Das Ergebnis des herkömmlichen Verfahrens hängt maßgeblich von der Strömungs­mechanik ab: Aufgrund der Bauteil­geometrie strömt die Schleif­suspension an manchen Bereichen stärker oder schwächer – die Oberfläche wird unterschiedlich stark bearbeitet. In so genannten Totvolumen kommt der Strömungsdruck fast komplett zum Erliegen. „Dort sind dann die Abrasivkörner so gut wie wirkungslos, auch wenn hin und her, also reversierend, gepumpt wird“, erklärt Claas Bierwisch, Wissenschaftler in der Gruppe Pulver­technologie, Fluid­dynamik am Fraunhofer IWM in Freiburg.

Bei dem neu entwickelten Bearbeitungsverfahren werden die Schleifpartikel zusätzlich von einem um das Bauteil angelegten Magnetfeld bewegt. „Es steuert die so genannten magneto­rheologischen Schleif­medien zu den Bauteilbereichen, an denen sie wirken sollen – Strömungs­kraft und Magnetkraft ergänzen sich und so können die Schleifpartikel auch im hintersten Winkel ihre Arbeit tun“, erläutert Bierwisch.

Am Fraunhofer IWM geht es in diesem Zusammenhang hauptsächlich darum, das Verfahren für die jeweilige Bauteilgeometrie und den Bearbeitungs­wunsch einzustellen. Die Gruppe Pulvertechnologie, Fluiddynamik ist weltweit führend darin, das Verhalten der Schleifpartikel und deren Wirkung auf die Bauteiloberfläche mithilfe angewandter netzfreier Partikel­simulation vorherzusagen. „Wir simulieren die Strömung im System, den Ablauf der Bearbeitung und empfehlen Bauteilherstellern die ideale Fluid-Partikel-Kombination und Bearbeitungs­weise für ihre gewünschten Effekte“, so Bierwisch. „Wir beantworten Fragen wie ‚Wo entstehen Totvolumen am jeweiligen Bauteil?‘, ‚Wie muss das Magnetfeld aufgebaut sein?‘, ‚Reicht es zur gewünschten Bearbeitung aus, die magnetischen Schleif­partikel auszurichten oder muss ihre Bewegung stärker gesteuert sein?‘“ Die Antworten experimentell per Versuch und Irrtum finden zu wollen sei undenkbar – es gäbe zu viele Testvarianten.

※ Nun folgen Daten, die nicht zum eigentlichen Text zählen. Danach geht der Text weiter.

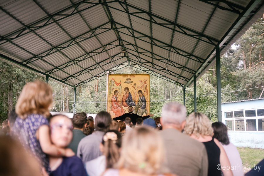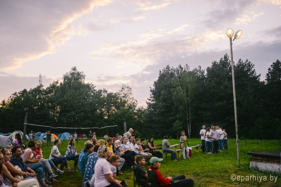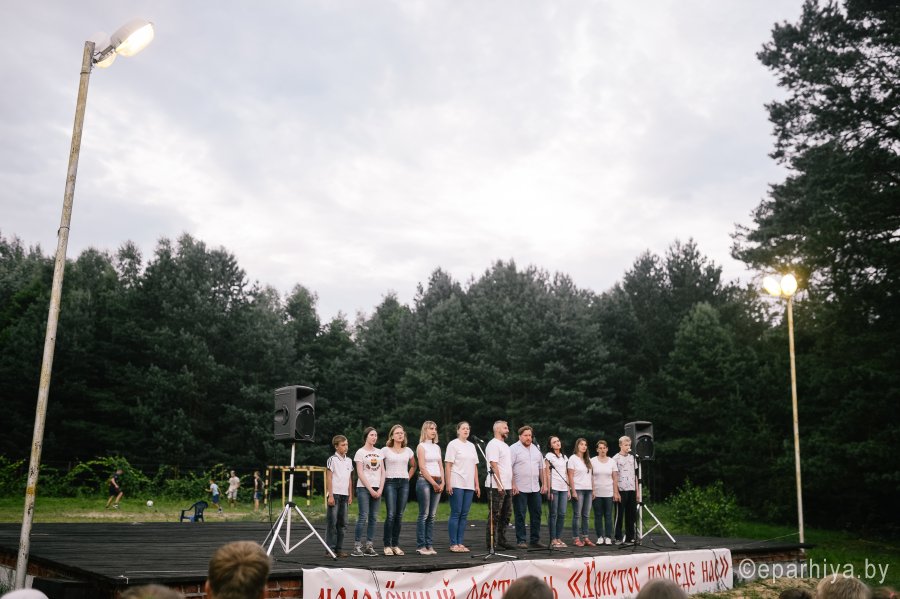 По благословению Высокопреосвященнейшего Стефана архиепископа Гомельского и Жлобинского на подворье Свято-Никольского монастыря в д. Терюха состоялся доселе небывалый слет православной молодежи! Более 300 человек из нашей и соседних епархий, а так же из России – на 4 дня стали одной большой дружной семьей. Впервые д. Терюха принимала столько гостей, и впервые состоялся слет, который включил в себя и ежегодный фестиваль «Христос посреде нас». Начало слета положила ночная Литургия, которую возглавил Высокопреосвященнейший Стефан. В своем обращении Владыка призвал молодежь к любви и единству, которых порой так не хватает современному молодому человеку. После Богослужения эту чудесную ночь продолжило совместное чаепитие и общение со священнослужителями. Следующий день в палаточном городке начался с игр на знакомство и возможности общаться на всевозможные темы со священнослужителями. После вкуснейшего обеда и отдыха на свежем воздухе, прибыл долгожданный гость из Никольского монастыря – aрхимандрит Савва (Мажуко) . В неподражаемом стиле он говорил на непростые темы, но доступным для всех языком и как всегда сумел заинтересовать всех присутствующих. А в вечернее время группы молодежных общин всех благочиний епархии презентовали свои команды в незаурядных инсценировках и песнях, что украсило этот вечер смехом и дружбой. И уже, как одна большая команда, молодежь собралась у костра для совместного просмотра фильма под открытым небом. Этот день не желал заканчиваться и ребята не хотели расходиться. И до самого утра горел костер, и пелись песни. Суббота началась с Божественной Литургии с совместным богослужебным пением, а после завтрака всех ждала увлекательнейшая интеллектуальная игра «Фавор» на знание и логику, которую провел лауреат премии Международной Ассоциации клубов «Что? Где? Когда?» и глава клуба интеллектуальных игр «Белая рысь» Климович Леонид Валентинович. Один час игры пролетел, как мгновение, о чем сожалели все команды-участницы. После обеда началась подготовка к ежегодному песенному фестивалю «Христос посреде нас». В это время кто-то мог распеваться в прибывшем караоке, кто-то участвовал в военно-спортивных состязаниях с полосой препятствия, стрельбой и практикой оказания первой медицинской помощи, кто-то проводил время с рыцарями из ордена «Вечность», которые все эти дни оставались в лагере и охраняли наш покой. Вечером состоялось торжественное открытие песенного фестиваля «ХРИСТОС ПОСРЕДЕ НАС». Прекрасный звук, освещение и харизма ведущего собрали всех у сцены, где все участники показали высокий уровень певческого мастерства. Не без труда беспристрастное жюри выбирало победителя. В итоге ГРАН-ПРИ фестиваля «ХРИСТОС ПОСРЕДЕ НАС», а так же ценный приз заслуженно получил дуэт «Ярыца» из г. Жлобин. Приз зрительских симпатий достался харизматичному Александру Гаврику (г. Гомель). В заключение фестиваля всех поразило невероятное файер-выступление и салют, озаривший ночное небо в Терюхе. Воскресный день уже традиционно для слета начался с поездки в а.г. Новая Гута, где благочинный Гомельского района протоиерей Артемий Кривицкий возглавил Божественную Литургию в храме Вознесения Господня. И даже Литургия в этот день стала необычной, т.к. сопровождалась комментариями, которые позволили лучше понять мног

Das Simulationsteam hat bereits in einem Gemeinschaftsprojekt mehrerer Fraunhofer-Institute und Industriepartner das magneto­­rheologische Strömungs­schleifen an Aluminium­bauteilen im Labormaßstab erfolgreich getestet. Dabei hatte das Fraunhofer-Institut für Keramische Technologien und Systeme IKTS die magnetischen Eigenschaften der Kombination aus Fluid und Partikeln untersucht und das Fraunhofer-Institut für Produktionsanlagen und Konstruktionstechnik IPK die entsprechende Anlagen­technologie entwickelt. „Das magneto­rheologische Strömungs­schleifen funktioniert bei Bauteilen aus Aluminium sehr gut, weil sie selbst nicht magnetisierbar sind“ so Bierwisch. „Bei einem magnetisierbaren Bauteil­material wird es komplizierter: Es produziert ein starkes eigenes Magnetfeld, wenn außen herum eine Magnet­spule angelegt wird – das muss mit berücksichtigt werden.“ Er will nun in weiteren Projekten das neue Verfahren mithilfe von Simulationen auch auf magnetisierbare Metallbauteile anpassen.